Last summer around a dozen young folks from communities all over east Kentucky joined their peers from throughout Central Appalachia for a four-day Summer Institute in Harlan County, filled with workshops, identity caucuses and skill shares celebrating the culture and history of community organizing in Appalachia. This spring, STAY held its annual LGTBQ gathering in Berea, bringing together lesbian, gay, bisexual, transgendered and queer youth from throughout the region to discuss what it means to be LGBTQ and living in the mountains. The idea for this gathering came out of an LGBTQ identity caucus at the STAY Summer Institute, and involved an entire weekend of community building and visioning of ways to better solidify the unique support they want and need as a community.

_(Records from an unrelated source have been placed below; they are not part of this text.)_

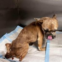 Wir wissen um das Thema „Qualzucht“, möchten dies hier jetzt jedoch nicht diskutieren, da es Alicent nicht hilft. Sie ist auf dieser Welt und verdient das beste Leben. Es fällt positiv auf, dass Alicents Schnauze recht lang ist für eine Vertreterin ihrer Art und auch hat sie eine kleine Rute, mit dem sie alle freudig begrüßt. Es ist jedoch bekannt, dass Französische Bulldoggen durchaus zu Futterunverträglichkeiten und Darmproblemen neigen und auch dies ist bei Alicent so.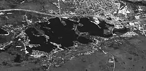 The lake is commonly divided into three smaller bodies of water: North Pond, Middle Pond, and South Pond. They are connected by narrow channels.[18]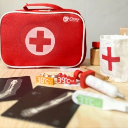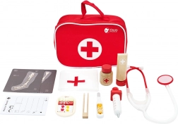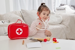 Komplet od Classic World vsebuje vse, kar mali zdravnik potrebuje za igro zdravnika. Otroci lahko poslušajo srčni utrip pacientov (plišasti medvedki, punčke) s pomočjo stetoskopa, 'merijo' temperaturo s termometrom, 'dajo' injekcije ali ponujajo nujna zdravila. Igra zdravnika ni le priljubljena igra vlog, ampak tudi poučevanje empatije in sodelovanja, kar je zelo pomembno za socialne odnose. Ta komplet podpira razvoj domišljije in učenje reševanja problemov.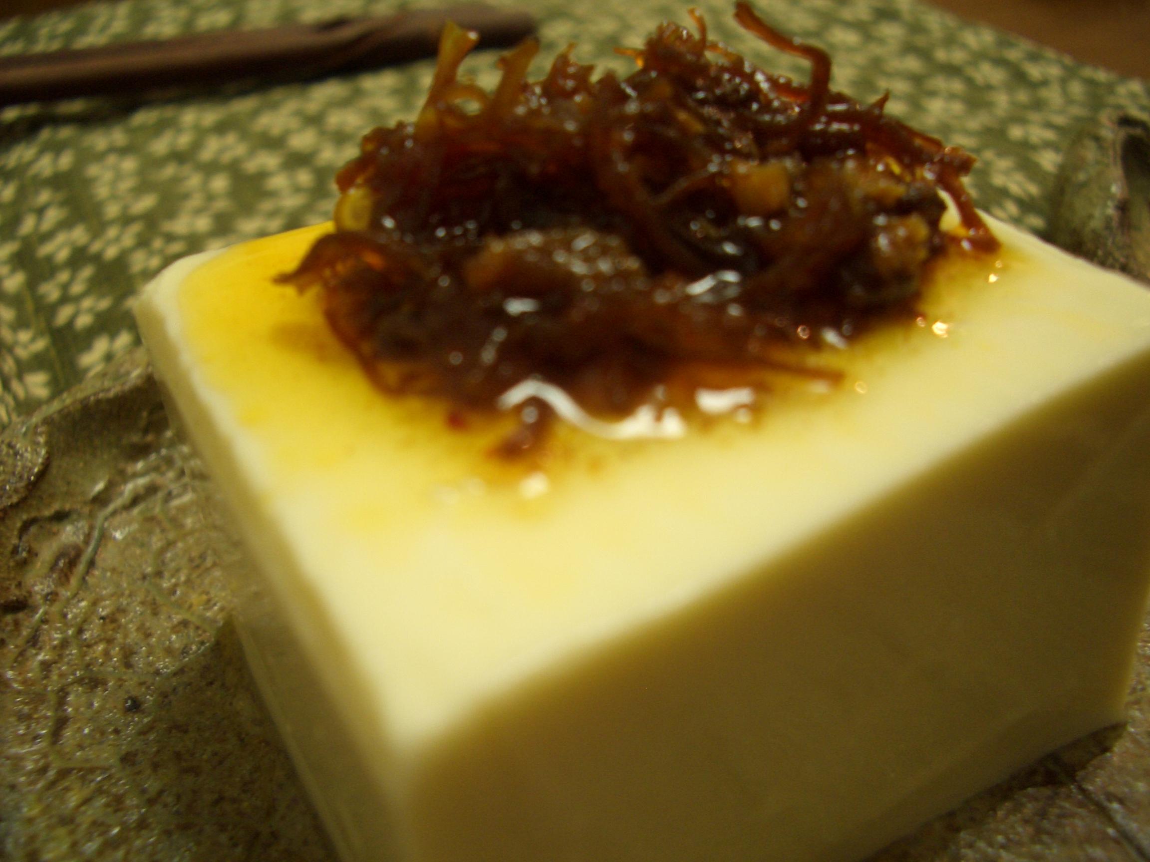お豆腐にXO醤をのせて、ほんの少しお醤油をたらしていただきます。ほーんとに美味しいのです。
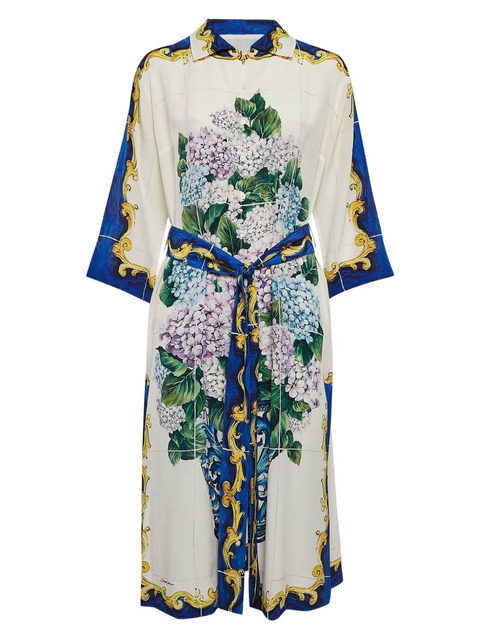 white silk all-over floral print front button fastening tied waist classic collar long sleeves mid-length side slit Condition: GOOD. This previously owned and used item is in good condition with minimal signs of use. This may include fading of material or plating and scratches.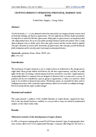 Pataki, Péter Gergely and Zörög, Zoltán (2023) Cryptocurrency Operating Principle, Market and Risks. ACTA CAROLUS ROBERTUS, 13 (1). pp. 62-75. ISSN 2062-8269 (nyomtatott); 2498-9312 (online)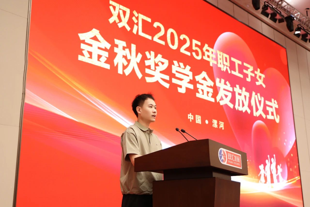 8月21日上午,雙匯2025年職工子女金秋獎(jiǎng)學(xué)金發(fā)放儀式在總部大樓報(bào)告廳隆重舉行。雙匯發(fā)展總裁馬相杰,雙匯發(fā)展黨委書記、工會(huì)主席杜俊甫,雙匯發(fā)展副總裁周霄及獲得獎(jiǎng)勵(lì)的第一批職工子女等近400人參加儀式。雙匯發(fā)展工會(huì)副主席王曉玲主持儀式。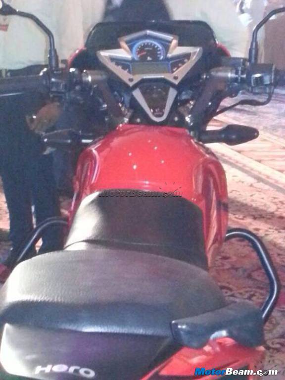 More pictures of the facelifted Hero Xtreme have reached us and there are a slew of updates which can be seen over the previous pictures which only displayed the front. The complete motorcycle shows a lot more change. Immediately noticeable is the new fatter rear tyre, new open chain case and the raised tail section which looks exactly like the one seen on the spied Karizma ZMR. The rear section seems to be inspired by EBR’s 1190 superbike.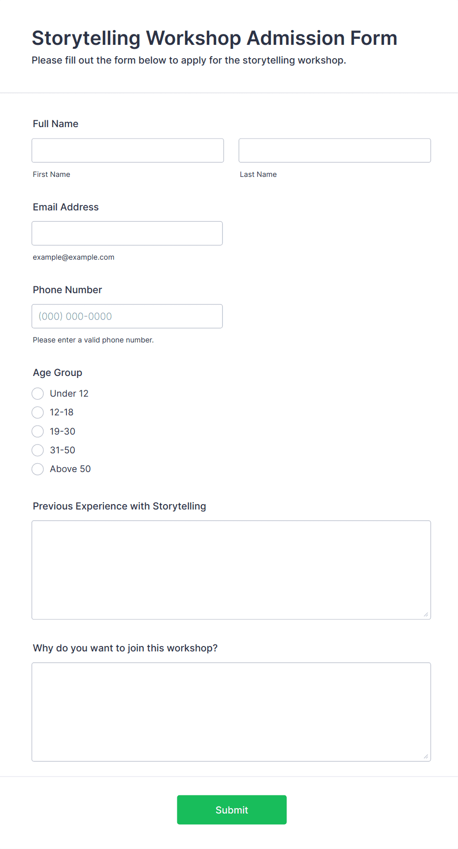 Youth Interactive Workshop Registration Form is a customizable template for schools and youth organizations to collect participant details and streamline workshop signups efficiently.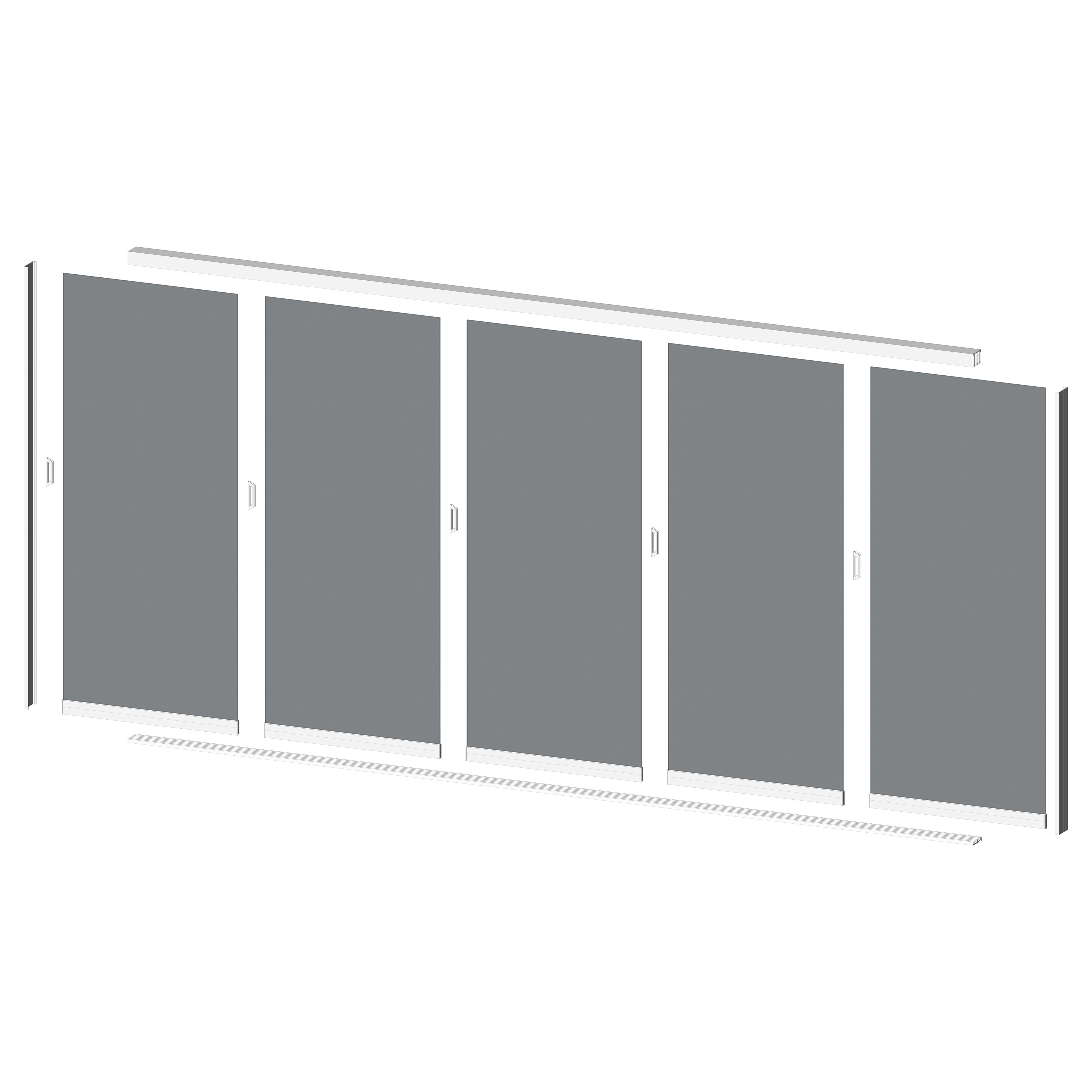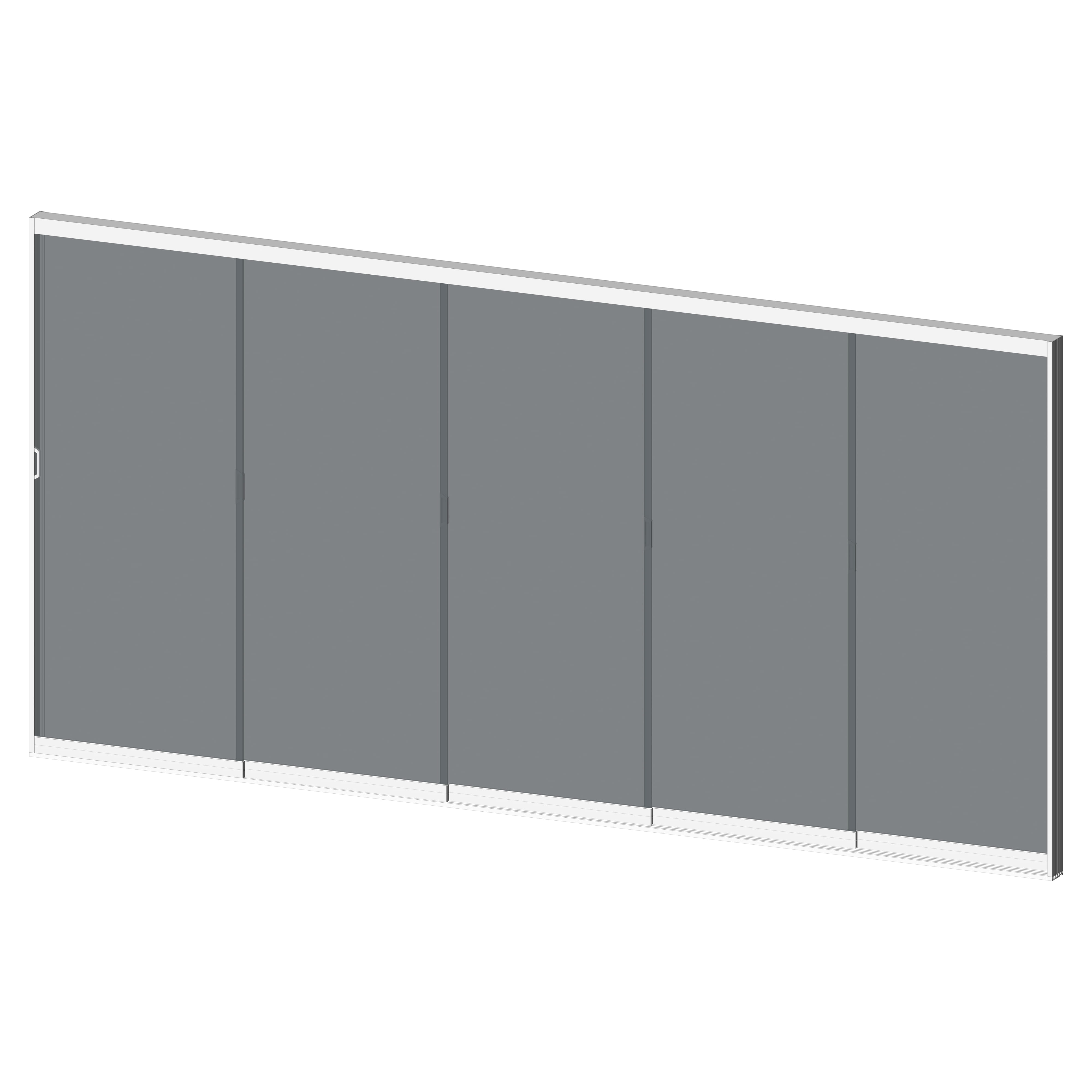 1x Glasschiebewand 4,9 x 2,4 Meter 5-türig Glas Grau Weiß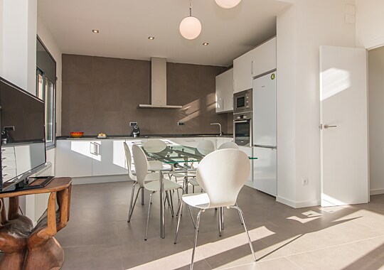 Welcome to your stylish and familiar 125m² retreat. Designed for supreme comfort, this contemporary apartment truly feels like a home away from home. Floor-to-ceiling windows bathe the space in light and connect you to a lush, beautifully arranged patio. Located near Sants Main Train Station (Sants Estació), our strategic position ensures exceptional connectivity with direct, easy links to the airport and city centre. Enjoy effortless travel and an unforgettable family or business stay.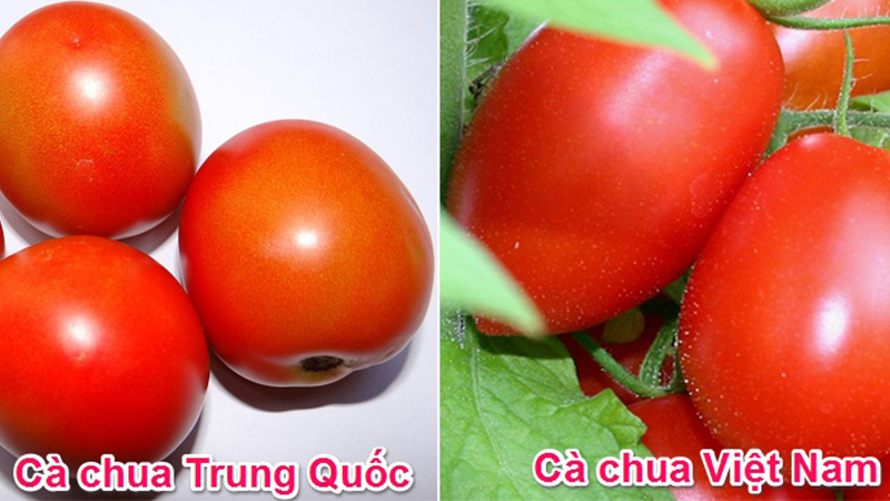 Cà chua Việt Nam: Thường có cuống, màu sắc tươi mới hơn.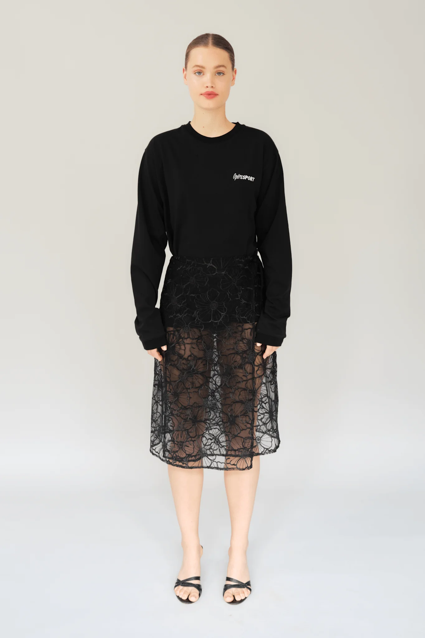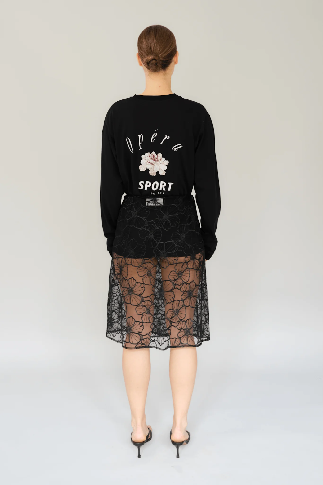 OPÉRA SPORT ALBA LONG SKIRT BLACK is a feminine and versatile lace skirt crafted from sustainable materials—90% recycled polyamide and 10% recycled polyester. Featuring a wraparound design with elongated ties, it creates a delicate bow at the waist for an elegant finish.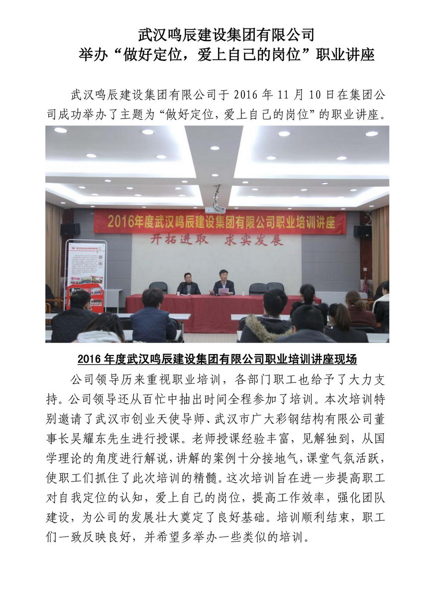 武漢鳴辰建設(shè)集團有限公司舉辦“做好定位,愛上自己的崗位”職業(yè)講座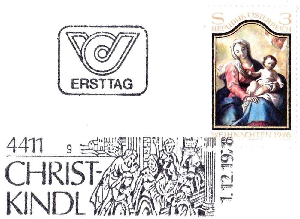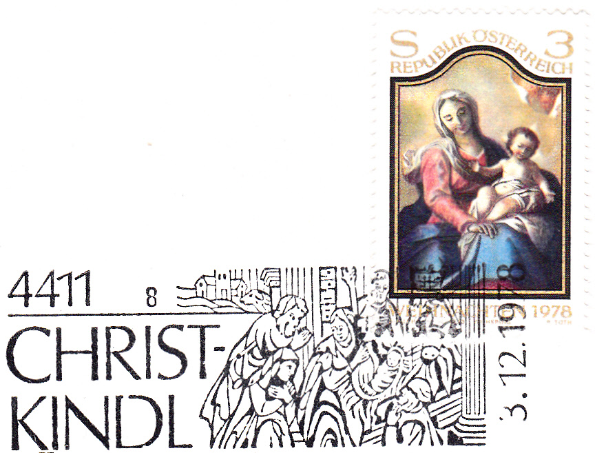 Hier diente der Sonderstempel Christkindl aus dem Jahr 1978 mit der Kennziffer "6" zur Entwertung der Weihnachtsmarke 1978 von Österreich:

Building on these successes, around 40 young people from throughout the region, including over a dozen from Kentucky, gathered this past weekend for the 2012 STAY Summer Institute in Hillsboro, West Virginia. Dozens of people in attendance had never been to a STAY gathering before, but a family of young movers and shakers emerged over the few days.
"The best part of the STAY Summer Institute each year is the opportunity to meet and spend a few days getting to know other young, energized, interesting people from across Appalachia. During SSI, the entire Institute splits into three groups for half-day field trips to local communities and places of interest. During the last two years, I went on the field trips with the largest group of people. This was such an incredible way to get to know and develop friendships with at least a third (sometimes half!) of the entire camp. There's nothing that brings people together more quickly than spending half a day traveling in a van together, listening to music, joking around, and getting to visit awesome, interesting and beautiful parts of Appalachia that are often unknown to most of us."
Stephanie Tyree
from Charleston, WV
living in Letcher County
Jacqualine Benjie, a new KFTC member from Wallins Creek in Harlan County said, “I thought it wasn't possible to build strong relationships with people you have only been around for a few days, but that's not true. While I was at STAY I built relationships instantly, at the moment I said "Hello"! I knew by the feeling I got as soon as I got there this was something special. I connected with people because I knew they truly wanted to make a difference, and that was heart touching to know there were other youth that wanted to make a difference just like me.”
Young KFTC leaders facilitated workshops on the issues surrounding prison expansion in Central Appalachia and organizing to address it, environmental justice movements in the region, community philanthropy, mountain fighting music, and more. This year’s gathering was held at High Rock’s, a mostly off-the-grid campground, featuring solar and fire-heated showers, composting and evaporation toilets, and a village of hammocks. A new steering committee was elected and it's pretty clear that the upcoming year has a lot in store for STAY and this growing network of amazing visionaries.
The ‘Stay Together Appalachian Youth’ Project is a diverse regional network of young people throughout Central Appalachia who are working together to advocate for and actively participate in their home mountain communities of West Virginia, southwest Virginia, eastern Kentucky, eastern Tennessee, and western North Carolina. STAY is currently a consortium supported by Appalshop’s Appalachian Media Institute in Whitesburg, KY, High Rocks in Hillsboro, WV, and the Highlander Research and Education Center in New Market, TN.